Go to your GitHub Account and click on the “+” icon on the right of the top then New repository (1), as shown in Figure 1.

Figure 1

You should see the following page. Type a name for your repository, and an optional description. Select “Private” and “Add a README file” boxes. Click on “Create repository”, as shown in Figure 2.

Figure 2

2. Adding a Nodejs application to the private GitHub repository for testing

Copy your HTTPS address, as shown in Figure 3.

Figure 3

Run Gitbash in your local host, and copy the repository to your local host via the “git clone” command, as shown in Figure 4.

Figure 4.

You should see your GitHub project folder in your local host, as shown in Figure 5.

Figure 5

Download and copy the Nodejs project files from this address into this folder. You should see your GitHub project folder, as shown in Figure 6.

Figure 6

Extract the “to-do-app-nodejs.tar” file into the project directory with the “tar” command below.

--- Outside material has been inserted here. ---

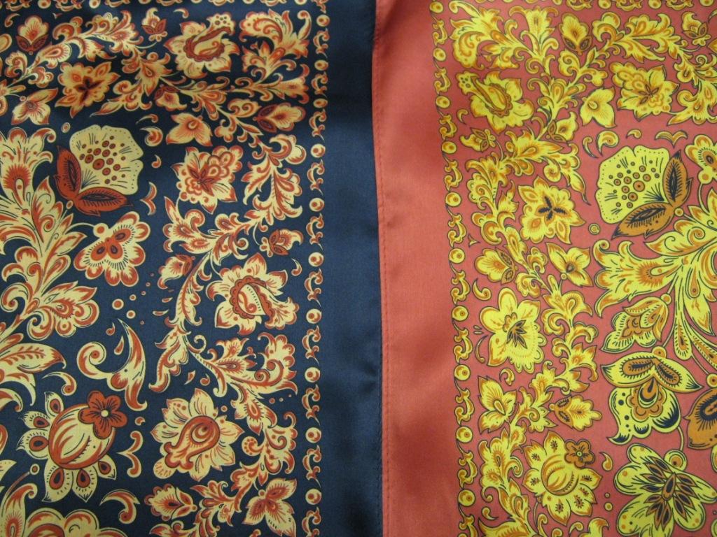 Действительно, колориты очень близки, особенно в драпировке. (Кликните, чтобы почитать оффтопик)... Но если рассматривать рисунки, то Майя, конечно же, более детально прорисована, композиционно сложнее. А Ностальгия, отвечает своему названию, монохромна, без ярких акцентов, спокойный, достойный платок.

tar -xvf to-do-app-nodejs.tar

Then, right-click inside the folder and run the GitBash program, as shown in Figure 7.

Figure 7

To send files from local to the GitHub project repository, run the following commands in order in the GitBash window, as shown in Figures 8,9,10.

Figure 8
Figure 9
Figure 10

You should see your GitHub repository project folder, as shown in Figure 11.

Figure 11

The GitHub repository is ready now.

3. Creating a “GitHub Personal Access Token” on GitHub

If you haven’t a GitHub token, You must add the token to the GitHub. For this, go to your GitHub Account Profile, on the right of the top > Settings > Developer Settings > Personal access tokens > Generate new token, as shown in Figure 12,13.

Figure 12
Figure 13

Write a name to “Note” for this token that will create, set an expiration date, and select the scope that you need or all. Finally, click on “Generate token”, as shown in Figure 14.

Figure 14

Copy the token and save it in a safe place for later use, as shown in Figure 15.

Figure 15

4. Writing a Dockerfile that will build and run the code.

We must write a Dockerfile that will build and run the code. For this, go under your GitHub project folder in your local host, for example, mine “cmakkaya-javascript-deploy/” folder, and then create a Dockerfile in the folder. The file must is named “Dockerfile”. (You can use Vim editor, for more information about step-by-step using the Vim editor, you can read my article or this link as well).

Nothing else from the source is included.